The Auckland Warriors competed in the Australian Rugby League competition for the first time. The team finished tenth, missing the finals by only two points. The Reserve Grade team made the finals but lost in the quarterfinals.

== Club competitions ==

=== Auckland ===

The Otahuhu Leopards won the Fox Memorial, their tenth, by defeating the Marist Saints 32–0 in the grand final. City Pt Chevalier won the Rukutai Shield as minor premiers.

The Manurewa Marlins defeated the Waitemata Seagulls to win the Sharman Cup second division. As a result, they were promoted to the Fox Memorial for 1996. Otahuhu won the Stormont Shield.

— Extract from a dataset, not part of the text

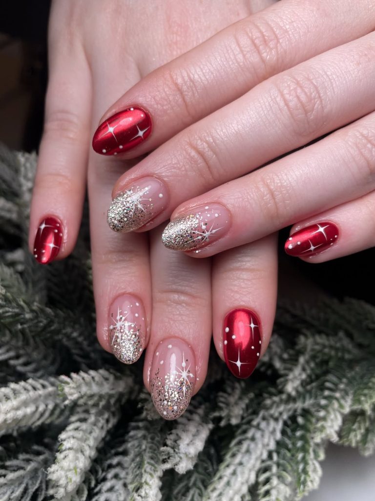This look is wonderful for women who prefer minimal but classy nails. The short square shape is practical for everyday wear, while the glitter tips elevate the look for the season. It’s a manicure you can wear comfortably from Christmas dinners to New Year’s Eve.

Otahuhu were coached by Trevor McLeod while Marist were coached by Del Hughes. Richmond included Greg Wolfgram, Ben Lythe and Boycie Nelson played for Mt Albert and Steve Buckingham and Lee Tamatoa played for Glenora.

=== Wellington ===
Marist Northern won the grand final of the Wellington Rugby League competition, defeating St George 48–22. The Randwick Kingfishers were the minor premiers.

=== Canterbury ===
The Halswell Hornets won the Canterbury Rugby League's Pat Smith Challenge Trophy grand final 20–19 over Linwood. Halswell were coached by Phil Prescott and included Glen Coughlan. The two teams had earlier shared the minor premiership.

The West Coast Waro-rakau Hornets won the Thacker Shield by defeating Canterbury's Haswell Hornets 48–16.

=== Northland ===
The Moerewa Tigers won the Bay of Islands competition, by defeating the Kaikohe Lions 16–12.

The West End Jumbos won the Whangarei City & Districts title, by defeating the Otaika Eagles 30–24 at Jubilee Park, Whangārei.

The East Coast Rebels won the Far North Districts title by defeating the Te Paatu United Warriors 32–28.

=== Other Competitions ===

Turangawaewae won the minor premiership and the championship in the Waikato Rugby League competition, defeating Taniwharau Rugby League 20–15 in the grand final.

The Piako Warriors defeated the Tokoroa Pacific Sharks 34–20 in the Bay of Plenty Rugby League grand final. Piako featured Hare Te Rangi.

The Waitara Bears won the Taranaki Rugby League competition 16–14 over the defending champions, the Western Suburbs Tigers. The Bears featured Blair Nickson while the Tigers included Willie Talau. Kia Ora, coached by Peter Sixtus, defeated Otaki 14–4 in the Manawatu Rugby League grand final.

Taradale Eagles defeated the Omahu Huia 51–10 in the Hawke's Bay Rugby League grand final while the Kaiti Knights won the Gisborne-East Coast grand final, defeating Uawa 34–26.

The Motueka Tigers won the Nelson-Marlborough grand final, defeating the Blenheim Knights 42–24. Cobden-Kohinoor won the West Coast Rugby League grand final, defeating minor premiers Waro-rakau 12–10. The Waitati Warriors won the Otago grand final 14–10 over the South Pacific Raiders while Bluff defeated He Tauaa 20–14 in the Southland championship match.